## WHAT YOU ARE ASKED TO DO
Up to and including the line bearing "住之江区役所と安立地域の皆様", output every line of the entries exactly as written, starting from the first; pictures stay out.
**** GIVEN ENTRIES ****
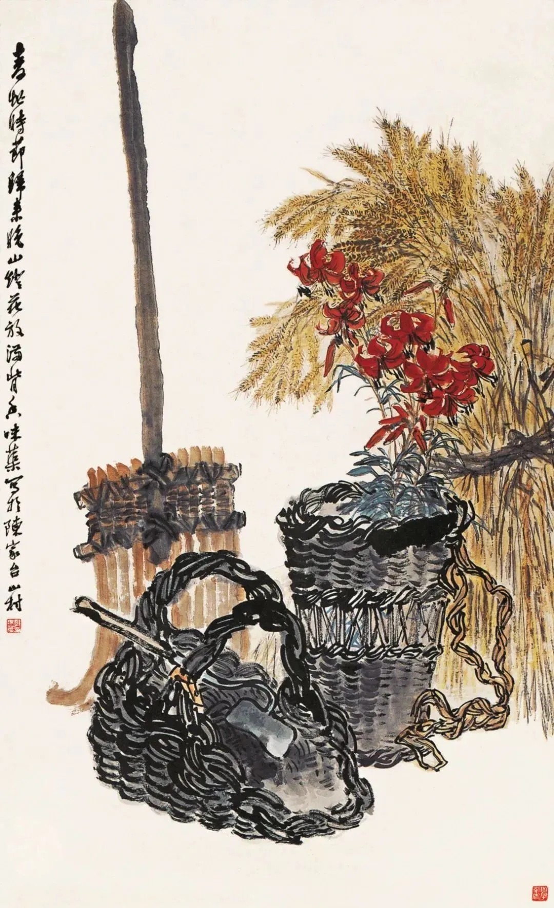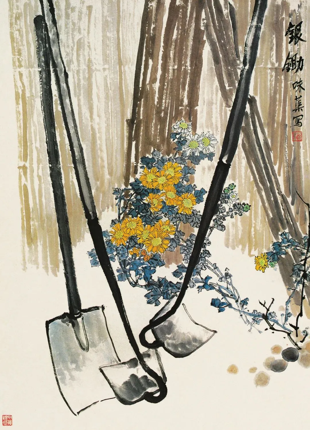 郭味蕖还爱用原色,石青、朱砂、藤黄,往画上一抹,清秀得很,但又不刺目。他画画,还妥贴个糊口吻味。耕具、瓜果、稻禾,啥王人往画里搬。你看那《银锄》,锄头泛着青光,控制花儿草儿陪着,就业的好意思,一下子就出来了。
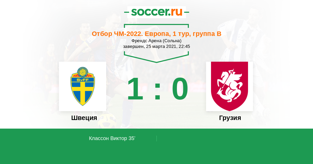 Швеция – Грузия. Прогноз на матч квалификации ЧМ-2022 (25.03.2021)
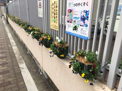 住之江区役所と安立地域の皆様が、卒業式や入学式に向けて、種から育てた花を正門前のフェンスに飾ってくださいました。長年続いている事業です。コロナの関係で、ここ2年間は安立小のそだてよう委員会の子どもたちと活動できていませんが、来年は一緒に活動できますように…
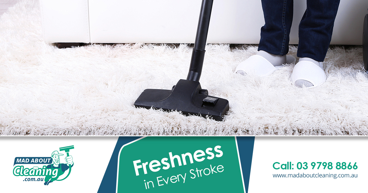 At Mad About Cleaning, we carry a step by step process with immense attention to detail while performing our carpet cleaning job in Melbourne. Our carpet treatment ensures safety against Flea and Dust mite reproduction by application of special and non-toxic chemical powders. To know more visit https://www.madaboutcleaning.com.au/services/carpet-cleaning/ or connect with us on 03 9798 8866 / 0435 811 838 / 0405 161 424.
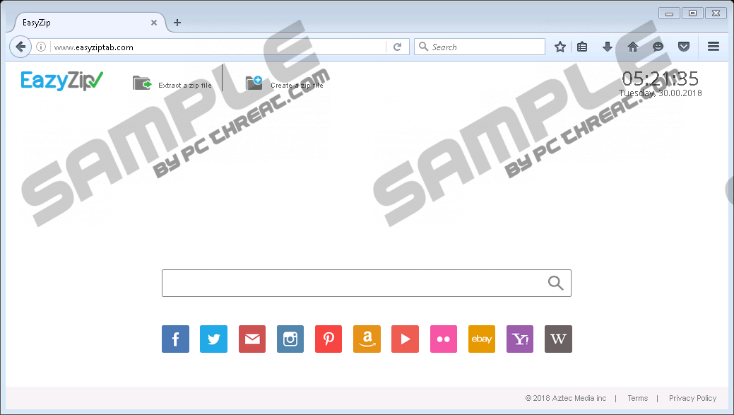 EasyZip New TabEasyZip New Tab is new Google Chrome browser extension that may pose a threat to your virtual security. This extension may sneak onto your system as a browser hijacker when installing suspicious software bundles, for example. This hijacker was created by the notorious Aztec Media Inc. who are also responsible for other unreliable products like My1tab Extension. While this tool may actually provide you with file unzipping and ZIP creating capabilities, its search engine should not be trusted at all. It is possible that this browser hijacker collects information about you and use it to target you with customized third-party advertising. This also means that you could be exposed to manipulated search results, which may contain unreliable ads and sponsored links leading to questionable or malicious websites. All in all, we think that you should remove EasyZip New Tab if you want to best for your computer. You can install this extension if you find its official page at lp.easyziptab.com. But this very simple page will simply redirect you after a few clicks to the Chrome web store page, chrome.google.com/webstore/detail/easyziptab/ecchijphnenjkihibanngcgodmhnbfpe. Based on the statistics there, you can see that over 26 thousand users have installed this tool in the past two weeks or so; yet, not a single one left a review. This does not usually mean that the extension is reliable and useful. But we understand if this is not enough for you to delete EasyZip New Tab. So, let us tell you more about it. Our research shows that this browser hijacker is also spread in questionable alternative ways. For example, you may click on corrupt third-party pop-up ads, such as fake downloaders and updaters, which could result in your installing this hijacker directly. What is definitely worse, you can also download this malware infection in bundled versions, where it could be packed with a number of potentially unwanted programs as well as malware infections like adware programs, fake alerts, and Trojans. This is why it is essential that you avoid landing on suspicious websites that may host unsafe content like fake buttons (download and navigational) and other types of third-party ads. Of course, it is also important that you refrain from clicking on third-party content in general unless you are absolutely sure that your PC is not infected and you are viewing a reputable and trustworthy site. We advise you to scan your PC with a reliable online malware scanner after you delete EasyZip New Tab. This browser hijacker changes your homepage and new tab by setting easyziptab.com/?sid=785&aid=0&src=nt. It seems that your default search engine is left untouched this time. This search page has more than just a search engine, it provides you with easy access to third-party websites where you can archive or unarchive your files. So you can unzip files and visit online.b1.org/online or create ZIP files and visit createzipfiles.com. These sites seems to work just fine, in all fairness. This search page also shows you the current time in the top-right corner as well as thumbnail links below the main search box. These links seem to work as well. However, this search engine forwards your searches to blpsearch.com first and only then to us.search.yahoo.com. This means that your results could be altered and contain promoted content, i.e., potentially unreliable affiliate advertising; this is how this browser hijacker can generate revenue. Unfortunately, it could be a mistake to click on any of the results as there is no way telling which one is trustworthy and which one may take you to a malicious website on a new tab or in a new browser window. If you do not wish to find out what might happen when you land on malicious pages, we recommend that you remove EasyZip New Tab as soon as possible. Finally, let us talk about solutions. We have prepared an easy-to-follow guide for you below this article so that you can manually take care of this annoying threat. Please note that this will not necessarily clean your computer of all infections and potential threats. If you do not want to eliminate all these potentially harmful programs one by one, risking the possibility of leaving leftovers on board, we advise you to use a reliable malware removal program like SpyHunter. Also, make sure that all your programs and drivers are regularly updated to avoid malicious attacks by cyber criminals trying to exploit outdated software bugs. How to remove EasyZip New Tab from your browserGoogle Chrome
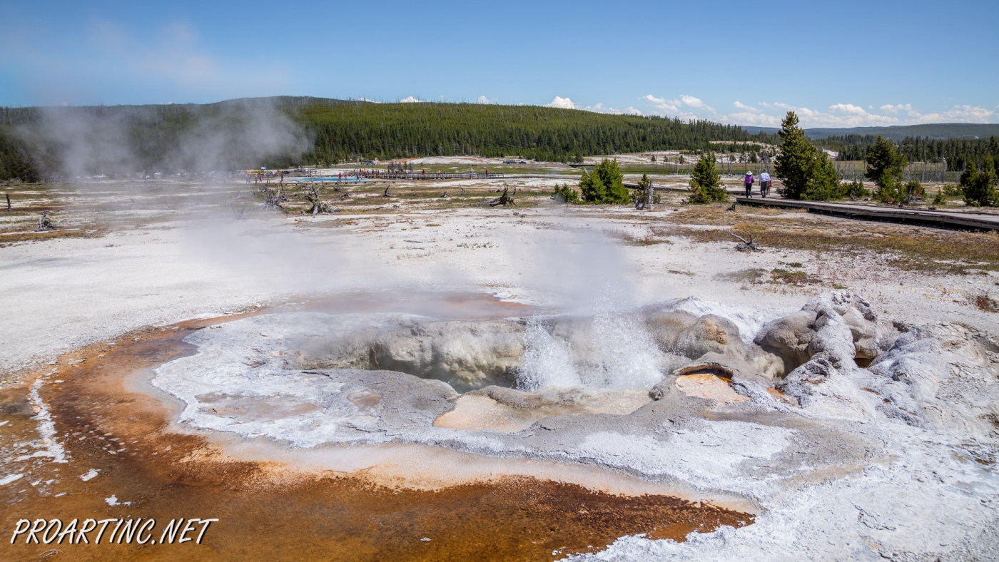 Biscuit Basic is located at Yellowstone National Park, only 3 miles from a very famous Old Faithful. The basin got its name thanks to the deposits, biscuit-shaped, that were found on the territory around Sapphire Pool. On August 17, 1959 the earthquake took place, its epicenter was a few miles to the northwest and several days later Sapphire Pool began to erupt and the biscuit-shaped rocks were destroyed. The last eruption took place in 1991.
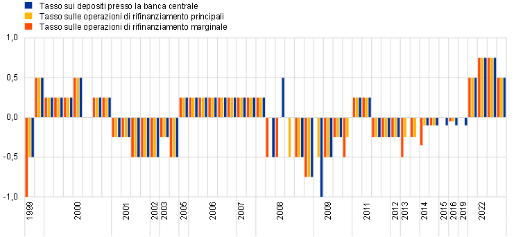 Tuttavia, con l’evolvere delle prospettive di inflazione è apparso chiaro che conseguire un orientamento di politica monetaria sostanzialmente neutrale non sarebbe stato di per sé sufficiente. Si prevedeva che l’inflazione si sarebbe mantenuta troppo a lungo su valori eccessivamente al di sopra del nostro obiettivo del 2 per cento a medio termine e vi erano segnali che stesse diventando più persistente, con pressioni sui prezzi più generalizzate e un rafforzamento dell’inflazione di fondo. In tali circostanze abbiamo dovuto spostare i tassi di interesse in territorio restrittivo e frenare la domanda.
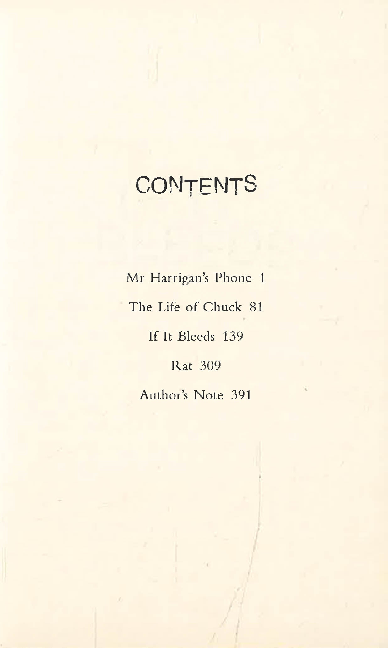 Dancing alongside are three more wonderful long stories from this 'formidably versatile author' (The Sunday Times) - 'Mr Harrigan's Phone', 'The Life of Chuck' and 'Rat'. All four display the richness of King's storytelling with grace, humour, horror and breathtaking suspense. A fascinating Author's Note gives us a wonderful insight into the origin of each story and the writer's unparalleled imagination.
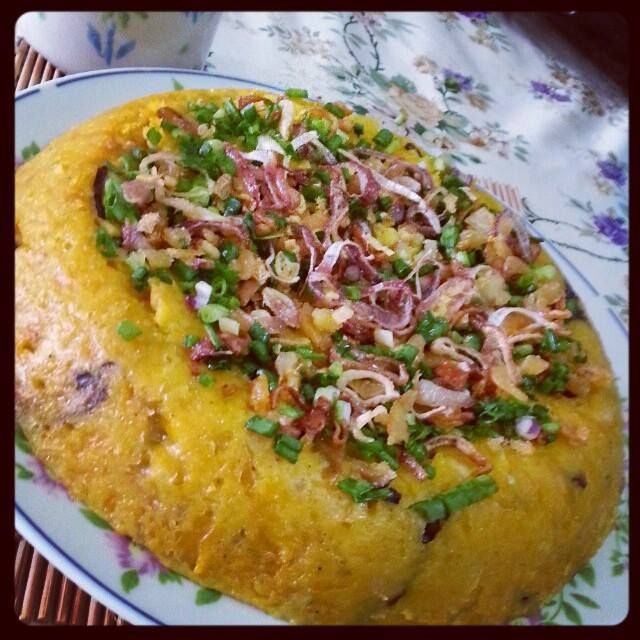 1. 馅料加调味料炒香。 2. 加入调好的米浆,小火搅煮至浓稠。
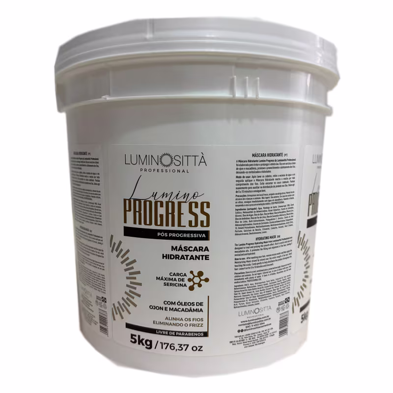A Máscara Lumino Progress 5kg é ideal para complementar o tratamento dos cabelos quimicamente tratados por sua riqueza em ativos nutrientes que irão auxiliar na manutenção dos fios mais saudáveis e no controle de volume a fim de aumentar a durabilidade dos processos químicos de alisamento. Tecnologia Sericina: partículas catiônicas de sericina que repõem a massa proteica e selam as cutículas danificadas. A alta afinidade com a queratina mantém as fibras capilares alinhadas e proporciona um resultado suave e brilhante.
****
## EXERCISE RESULT
 郭味蕖还爱用原色,石青、朱砂、藤黄,往画上一抹,清秀得很,但又不刺目。他画画,还妥贴个糊口吻味。耕具、瓜果、稻禾,啥王人往画里搬。你看那《银锄》,锄头泛着青光,控制花儿草儿陪着,就业的好意思,一下子就出来了。
 Швеция – Грузия. Прогноз на матч квалификации ЧМ-2022 (25.03.2021)
 住之江区役所と安立地域の皆様が、卒業式や入学式に向けて、種から育てた花を正門前のフェンスに飾ってくださいました。長年続いている事業です。コロナの関係で、ここ2年間は安立小のそだてよう委員会の子どもたちと活動できていませんが、来年は一緒に活動できますように…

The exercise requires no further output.